--- Given material ---

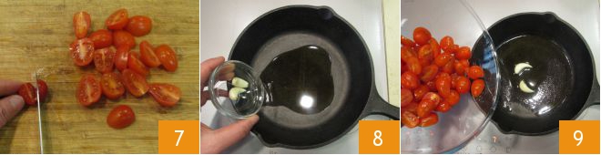 Was nu de cherrytomaatjes en halveer ze 7. Doe in een ovenbestendige koekenpan een scheut olijfolie, voeg ook twee teentjes knoflook toe en laat een minuut of twee intrekken. Voeg dan de tomaatjes toe 9.
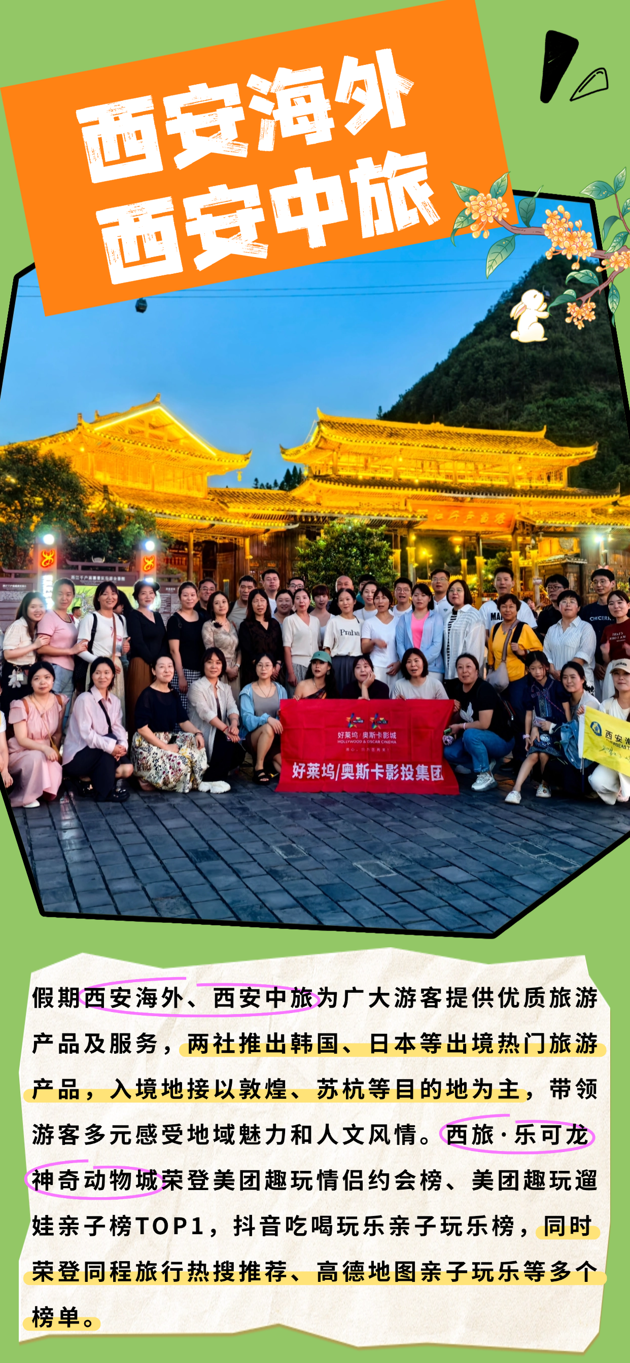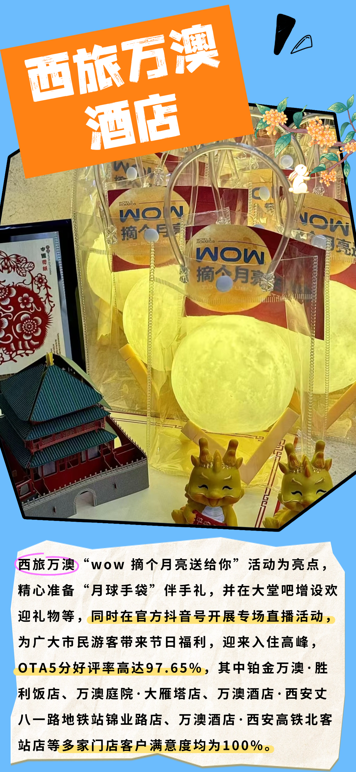 明月華彩映西旅,四海賓朋聚長安。今日中秋,月滿人間,清輝灑落古城,詩意與情思交織,西安再度成為令人向往的熱門旅游地,耀古城風(fēng)情、嘗佳節(jié)美味、游錦繡山水、感國風(fēng)魅力。西旅集團(tuán)旗下景區(qū)、餐飲、酒店、旅行社、汽車等板塊緊扣中秋主題,精心謀劃,吸引眾多游客紛至沓來,共同度過了一個溫馨浪漫、充滿詩意的中秋假期。
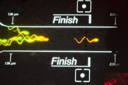 이와 관련해 실험실 가운을 입은 한 남성이 미리 채취한 정액 샘플을 폭 2㎜의 트랙에 놓으면서 경주가 시작됐다.

---

Required work:
Output, exactly and without pictures, the span of lines that starts at the line containing "明月華彩映西旅,四海賓朋聚長" and ends at the last line above.

Final answer:
 明月華彩映西旅,四海賓朋聚長安。今日中秋,月滿人間,清輝灑落古城,詩意與情思交織,西安再度成為令人向往的熱門旅游地,耀古城風(fēng)情、嘗佳節(jié)美味、游錦繡山水、感國風(fēng)魅力。西旅集團(tuán)旗下景區(qū)、餐飲、酒店、旅行社、汽車等板塊緊扣中秋主題,精心謀劃,吸引眾多游客紛至沓來,共同度過了一個溫馨浪漫、充滿詩意的中秋假期。
 이와 관련해 실험실 가운을 입은 한 남성이 미리 채취한 정액 샘플을 폭 2㎜의 트랙에 놓으면서 경주가 시작됐다.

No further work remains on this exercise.